Member of the National Assembly of Pakistan
- In office 19 February 2018 – 31 May 2018
- Constituency: NA-154 (Lodhran-I)

Personal details
- Children: Aamir Iqbal Shah (son)

= Muhammad Iqbal Shah =

Pakistani politician

Muhammad Iqbal Shah Qureshi is a Pakistani politician who had been a member of the National Assembly of Pakistan, from February 2018 to May 2018.

==Education and personal life==
He has done graduation in Lahore, Pakistan.

He is an agriculturist by profession and has declared his net worth at PKR 90.48 million.

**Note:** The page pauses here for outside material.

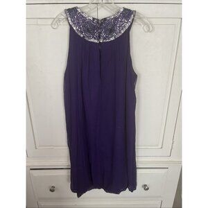 Maggy London 10 100% Silk Dress Sleeveless Sequin Neckline Purple Lined

He is social worker and known as a faith healer in his area.

==Political career==
He remained Tehsil Nazim of Dunyapur from 2005 to 2009.

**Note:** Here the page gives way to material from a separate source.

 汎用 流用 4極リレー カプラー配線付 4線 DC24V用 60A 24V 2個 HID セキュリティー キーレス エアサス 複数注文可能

He for brief served as the Chairman Union Council before he was elected to the National Assembly of Pakistan as a candidate for Pakistan Muslim League (N) for Constituency NA-154 (Lodhran-I) in by-polls held in February 2018. He received 113,542 votes and defeated Ali Tareen, a candidate of Pakistan Tehreek-e-Insaf (PTI) and son of Jahangir Khan Tareen. The seat fell vacant following the disqualification of Jahangir Khan Tareen by the Supreme Court of Pakistan for being "dishonest" in December 2017. The constituency was considered a stronghold of Tareens and PTI and hence the defeat of a PTI candidate was termed a "a major upset" and "huge blow" to the party ahead of the July 2018 elections. He took an oath as Member of the National Assembly on 19 February 2018.